Supreme Court of Illinois
May 18, 1967
37 Ill. 2d 546 (Ill. 1967)


In Arlington Heights National Bank v. Arlington Heights Federal Savings and Loan Association, 37 Ill.2d 546, 229 N.E.2d 514, 518 (1967), the Illinois Supreme Court held that a plaintiff must show more than ill will to overcome a conditional privilege.

Summary of this case from Prince v. Zazove


No. 40218. Judgment affirmed.

Opinion filed May 18, 1967. Rehearing denied September 27, 1967.

APPEAL from the Circuit Court of Cook County; the Hon. ALBERT E. HALLETT, Judge, presiding.

ALTHEIMER, GRAY, NAIBURG, STRASBURGER LAWTON, of Chicago, (SAMUEL T. LAWTON, JR., and DAVID C. BAUM, of counsel,) for appellant.

JURCO, DAMISCH SINSON, and ANDERSON, DROLET McDONNELL, both of Chicago, (JAMES R. MITCHELL and LEON LECOUR DROLET, of counsel,) for appellees.

Plaintiff, Arlington Heights National Bank, brought an action for damages against defendant, Arlington Heights Federal Savings and Loan Association, and its officers and directors, alleging that they intentionally induced the village of Arlington Heights to breach its contract with plaintiff for vacation of a street in the village.
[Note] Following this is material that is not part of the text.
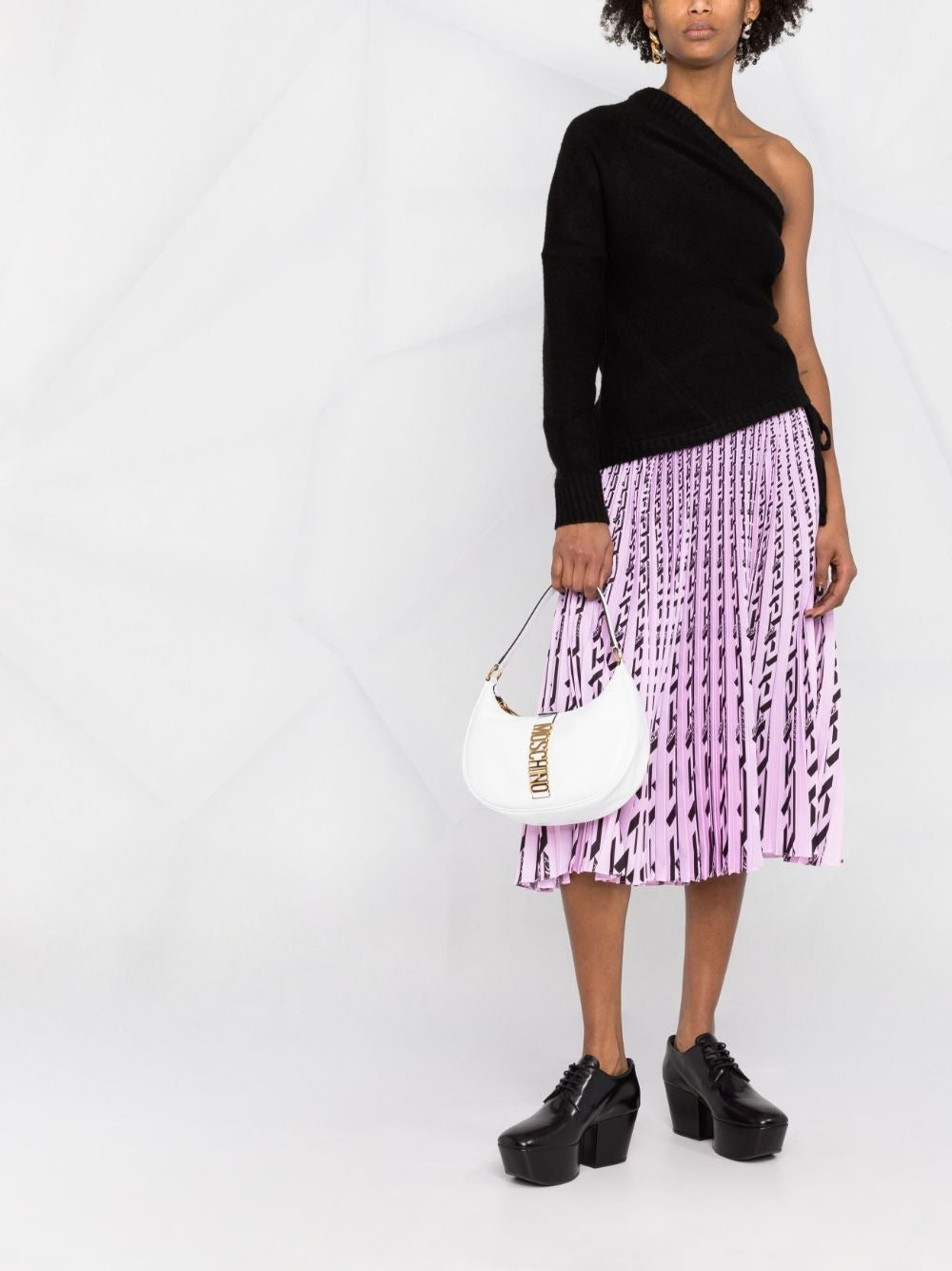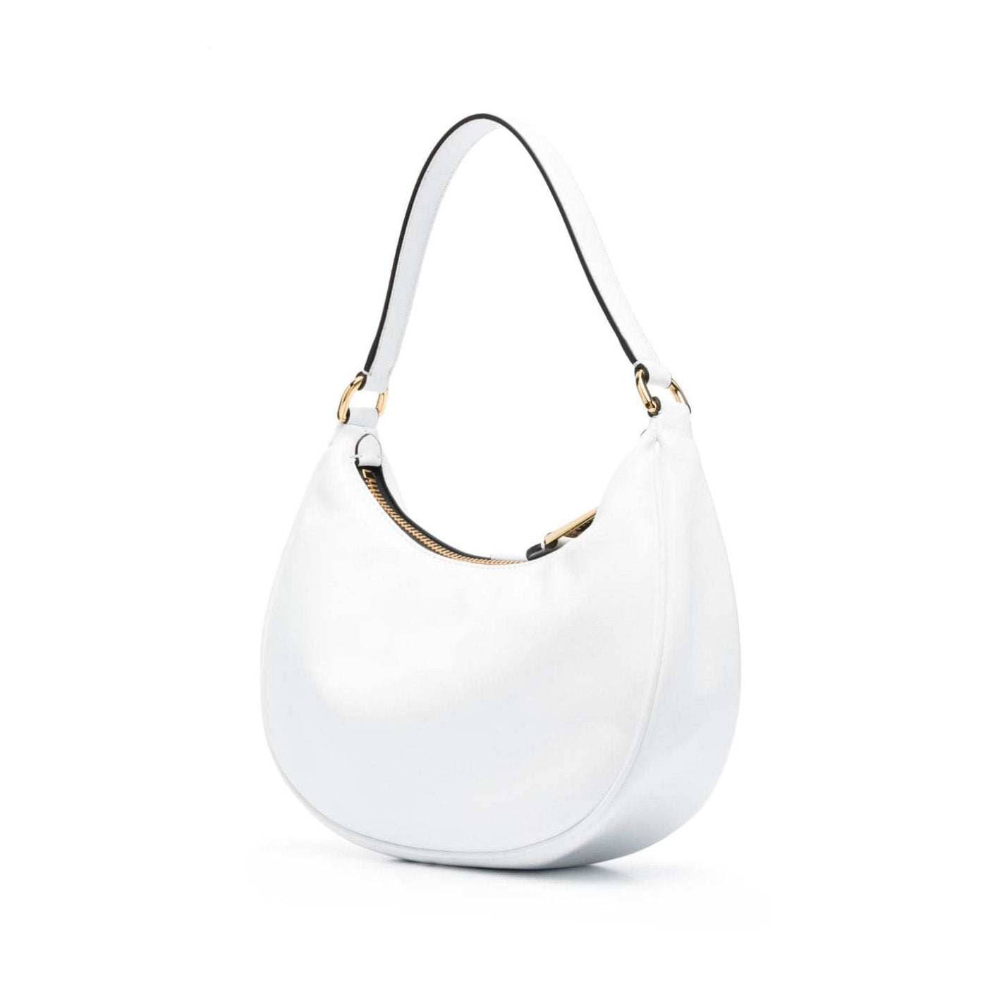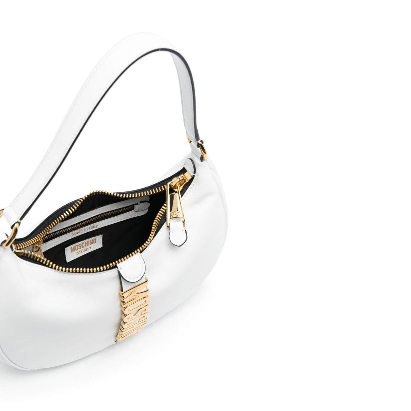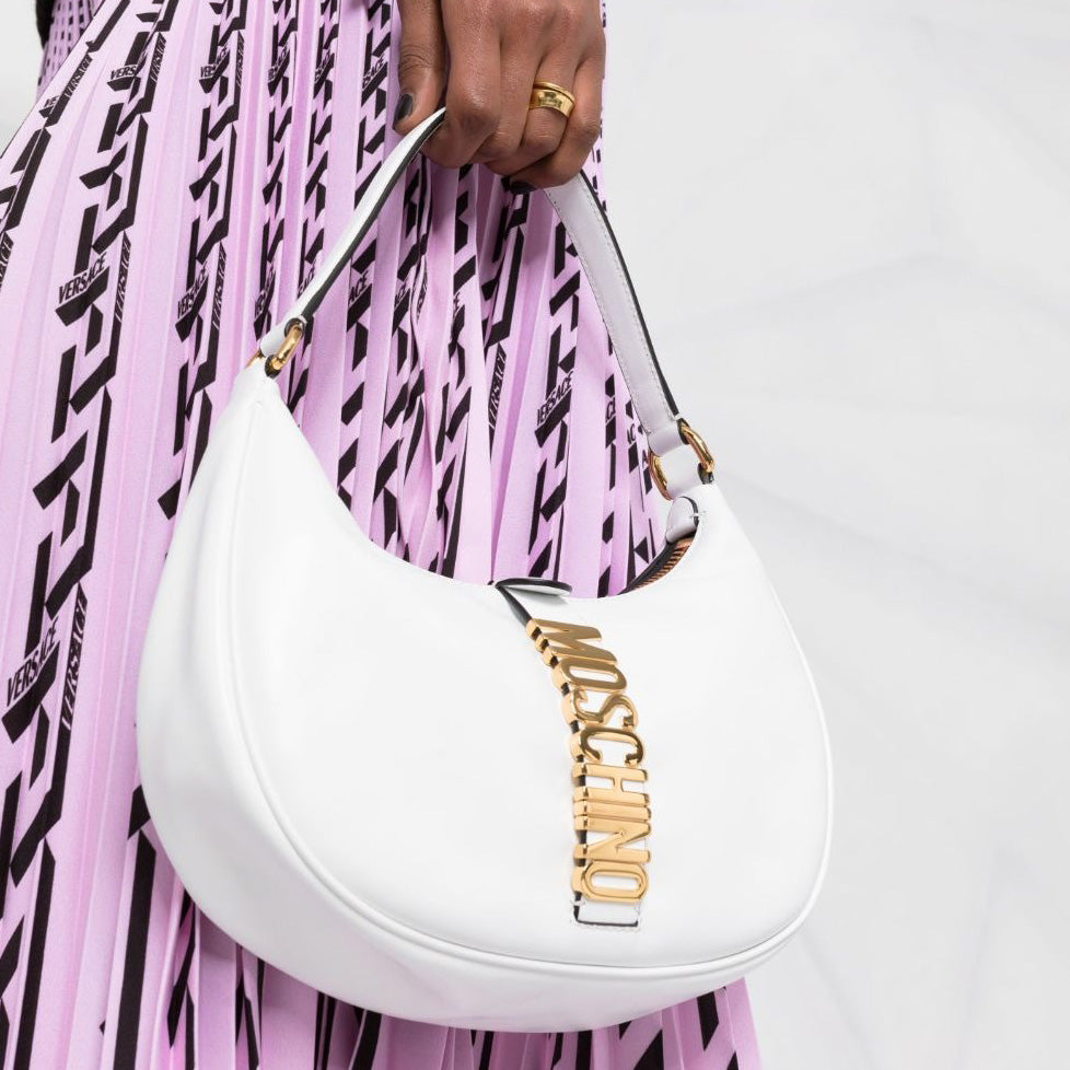 Moschino 擅长在经典廓形上增添大胆标志性细节。这款单肩包采用白色配色,正面饰有金色徽标牌,彰显其独特魅力。

The trial court sustained defendants' motion to dismiss, holding that the complaint as amended was insufficient in law since defendants' actions before the village were privileged. The court entered judgment dismissing the action and awarded costs to the defendants. Plaintiff invokes direct appeal on the ground that the case involves questions arising under the Illinois and Federal constitutions which were raised and passed upon in the trial court, thereby according this court jurisdiction. Lulay v. Peoria Journal-Star, Inc., 34 Ill.2d 112.

In substance, the amended complaint averred that plaintiff is a national banking association having its principal place of business in the village of Arlington Heights; that it owns a parcel of land in the village which is bisected by and abuts on both sides a portion of Davis Street; that on May 8, 1963, it entered into a written contract with the village which provided, in part relevant to this appeal, that the village, by proper ordinance of its president and board of trustees, would vacate this portion of Davis Street which vacated portion would become plaintiff's property by operation of law, and that this contract was valid and enforceable (as held in Arlington Heights National Bank v. Village of Arlington Heights, 33 Ill.2d 557).

The complaint further alleged that the defendant Savings and Loan Association is a mutual institution with its principal place of business in Arlington Heights; that the individual defendants are its officers and directors; that at all relevant times, the defendants knew of the contract between plaintiff and the village and that, nevertheless, after plaintiff had fully performed and acted in reliance on the contract, each of the individual defendants and an attorney for the association appeared before the village board of trustees on various occasions when the enactment of the vacation ordinance was under consideration and persistently urged the village board to refrain from passing an ordinance in pursuance of the contract; and to enact an ordinance which would constitute a breach of the contract. The complaint specifically alleged that said actions were taken "so that defendant Savings and Loan would wrongfully profit from plaintiff's inability to proceed with its contemplated expansion and improvement pursuant to the allowances and provisions of the contract as aforesaid and to further reserve for itself an unimpaired visual exposure of its premises * * *."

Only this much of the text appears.